### PROBLEM DESCRIPTION
Each line from the one containing "La teinte verte" through the last line of the records is to be repeated exactly, with all pictures left out.

### DATA TO USE
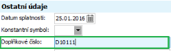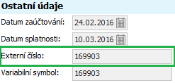 U výstupních dokladů (např. FV) se vykazuje Doplňkové číslo v hlavičce dokladu, pokud je vyplněno, jinak je uváděno interní číslo dokladu (např. FV-1/2016). Aby se Doplňkové číslo v dokladech nabízelo k vyplnění, nastavili jsme si parametr v agendě Firemních údajů viz kap. Firemní údaje - nastavení dalších parametrů systému . Ve firemním nastavení lze též nastavit, aby se do KH DPH přenášel variabilní symbol, to ale v našem příkladu nevyužijeme.
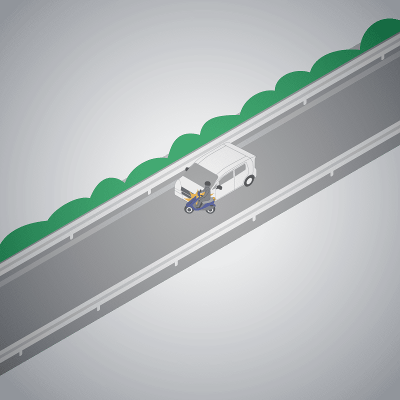 ・イラストに使用している各要素(車、背景、車、天候、信号、衝突地点など)は、代表的なイメージをイラスト化しており、色や形状等含め現実の事故の状況とは異なります。あくまで、事故のイメージとして参考までにご活用ください。
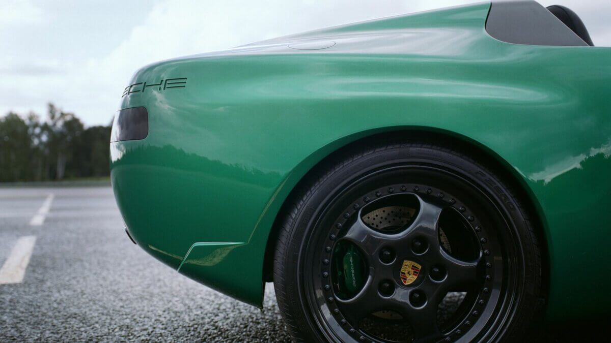 La teinte verte spécialement développée pour le projet constitue un autre élément signature. Ni vert British Racing, ni vert Oak des 911 vintage, cette nuance unique positionne la 968 L'Art dans un espace chromatique inédit. Les optiques avant ont été remplacées par deux bandes LED horizontales qui modernisent radicalement la face avant tout en conservant une certaine parenté avec les phares escamotables d'origine. À l'arrière, les feux redessinés portent l'inscription « KAR » dans une typographie très années 80, créant un effet rétro-futuriste assumé.
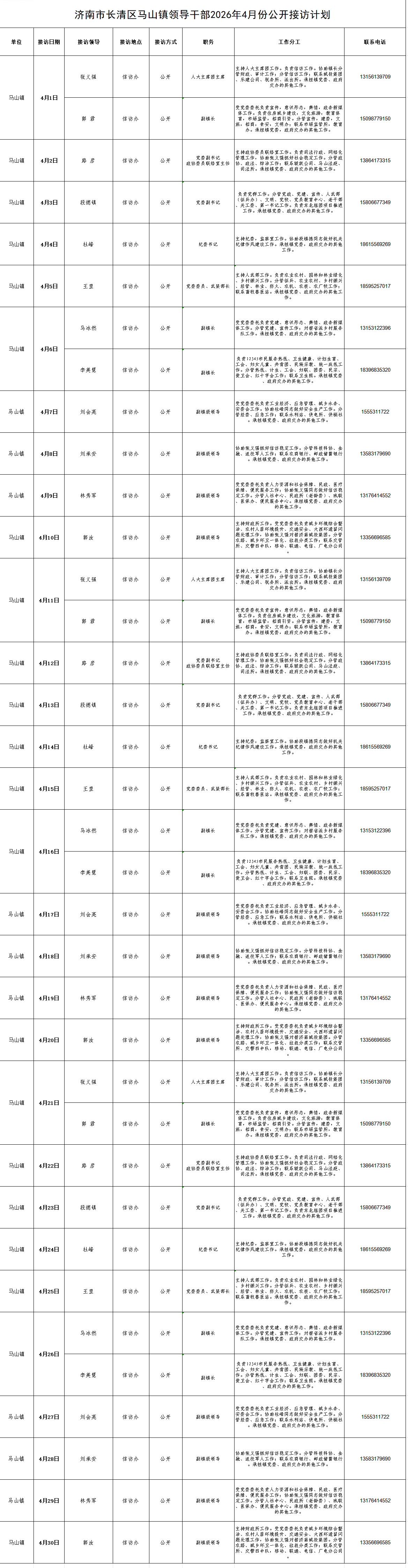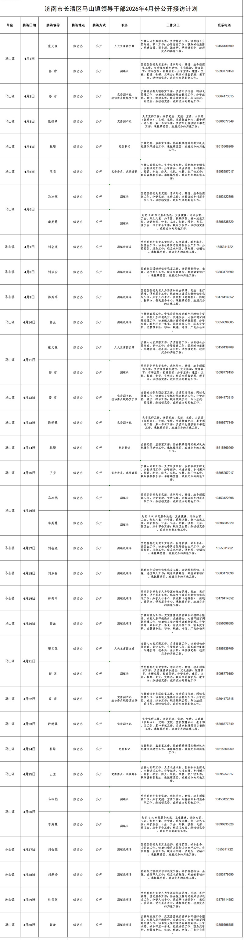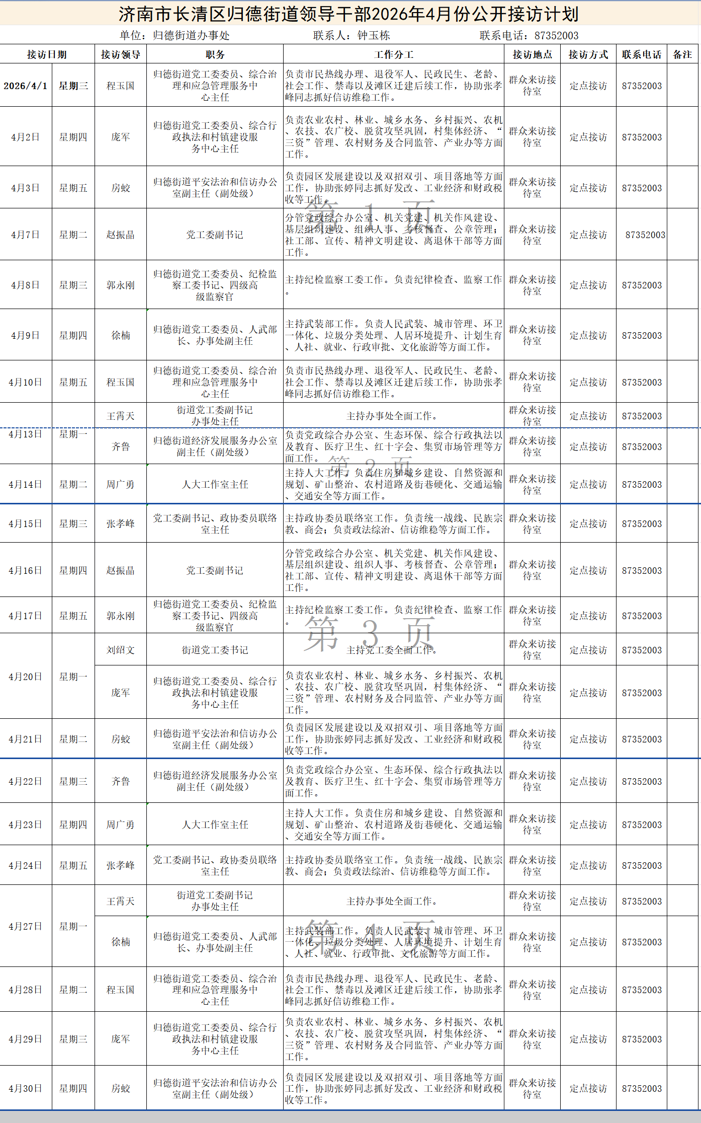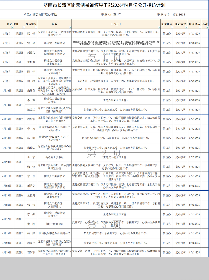 2026年4月街道(镇)领导干部接访日程安排表
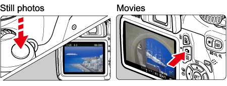 4. To shoot still photos, make sure that the camera is ready to take shots, and then press the ⋖ ⋗(Live View shooting) button. To shoot movies, set the Mode Dial to ⋖

### SOLUTION TO THIS EXERCISE
 La teinte verte spécialement développée pour le projet constitue un autre élément signature. Ni vert British Racing, ni vert Oak des 911 vintage, cette nuance unique positionne la 968 L'Art dans un espace chromatique inédit. Les optiques avant ont été remplacées par deux bandes LED horizontales qui modernisent radicalement la face avant tout en conservant une certaine parenté avec les phares escamotables d'origine. À l'arrière, les feux redessinés portent l'inscription « KAR » dans une typographie très années 80, créant un effet rétro-futuriste assumé.
 2026年4月街道(镇)领导干部接访日程安排表
 4. To shoot still photos, make sure that the camera is ready to take shots, and then press the ⋖ ⋗(Live View shooting) button. To shoot movies, set the Mode Dial to ⋖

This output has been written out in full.